Voss, kurumun müdürüne Newton'un kendisinin de Einstein olduğunu düşündüğünü bildirdiğinde, "[...] Hastalarımın kim olduklarını düşündüklerine ben karar veririm" yanıtını verir. Göring'in “Kimin Yahudi olduğuna ben karar veririm” sözüne paralellik muhtemelen Dürrenmatt tarafından tamamen tesadüfen seçilmemiştir. Hapishane doktorunun gücünü ve keyfiliğini gösterir ve onun kötülüğün vücut bulmuş hali olmasına izin verir . Voss, ikinci bir hemşire cinayetinden sonra acilen güvenlik önlemleri alınması gerektiğini ona açıklamak istediğinde, müfettişe hemşirelerin cinayetlerinin radyoaktivitenin neden olduğu beyin deformasyonunun bir sonucu olduğunu öne sürüyor. Ancak üçüncü mahkûm radyoaktivite ile temas etmediği için kendisinden herhangi bir tehlike yoktu. Buna ek olarak, sağlıklı insanlar sonunda "aynı zamanda ve önemli ölçüde daha sık" öldürüldü.

Bayan Rose'dan ziyaret

Bir psikiyatri hastanesinde geçen 15 yılın ardından Möbius, boşanmış olan eşi Lina Rose tarafından ziyaret edilir. Ona yeni kocası misyoner Oskar Rose ve Möbius'un üç çocuğu Adolf-Friedrich, Wilfried-Kaspar ve Jörg-Lukas eşlik ediyor. Rose ailesinin ilk görünümü, asıl olay örgüsüne bir giriş niteliğindedir ve ailesi ve profesyonel kariyeri hakkında arka plan bilgisi sağlar. Möbius bir yandan görünüşteki deliliğini dışsal davranışlarıyla doğrular: Başlangıçta ailesini tanımıyormuş gibi yapar ve ters çevrilmiş bir masaya oturup "uzay yolcuları Süleyman'ın Mezmurları"nı okur. Kıyamet konuşması , sonunda bir öfke nöbetine girene ve ailesini lanetler altında odadan çıkarana kadar giderek daha tutkulu ve gülünç hale geliyor - sonunda ailesiyle (vedalaşmadan) temasını kesmeye çalıştığı aşamalı bir önlem. yapmak gereksiz yere zor) Les Cerisiers'de daha fazla kalmayı garantilemek ve böylece dünyayı onun icadının sonuçlarından kurtarmak.

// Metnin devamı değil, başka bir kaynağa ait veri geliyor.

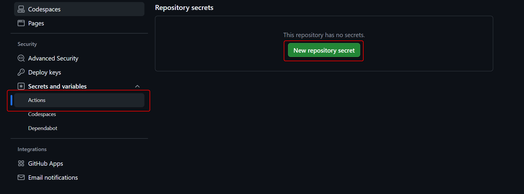 クリックしたら、サイドメニューからSecrets and variablesをクリックし、Actionsを選択します。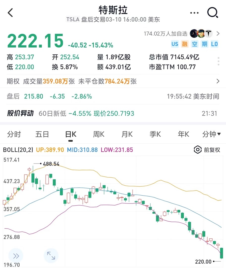 当地时间3月10日,特斯拉股价收盘跌超15%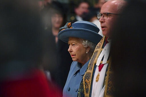 Britain's Queen Elizabeth II and The Very Reverend Dr David Hoyle, Dean of Westminster, right, attend the annual Commonwealth Service at Westminster Abbey in London Monday March 9, 2020. Britain's Queen Elizabeth II and other members of the royal family along with various government leaders and guests are attending the annual Commonwealth Day service, the largest annual inter-faith gathering in the United Kingdom.(Ben Stansall / Pool via AP)

Ailenin karikatür olarak abartılı görünümü onları alay konusu yapar. Uyumlu bir evliliğin pastoral görünüşünü ve burjuva geleneklerini korumaya yönelik koşulsuz istek, katılıklarını ortaya çıkarır. Bayan Rose'un eski kocası "Johann Wilhelmlein" a abartılı bağlılığı sayesinde - bir zamanlar sadece onun çalışmalarını finanse etmekle kalmadı, aynı zamanda bir sanatoryumda kalması için de para ödüyor - ve yeni kocası misyoner için görünüşte özverili, dindar fedakarlığıyla , diğer altı yanında çocukları getirerek ve böylece Bayan Rose'dan daha fazla fedakarlık talep ederek, Hıristiyan sadaka ad absurdum emrini alır ve temelde sadece herkes tarafından pişman olmak ister.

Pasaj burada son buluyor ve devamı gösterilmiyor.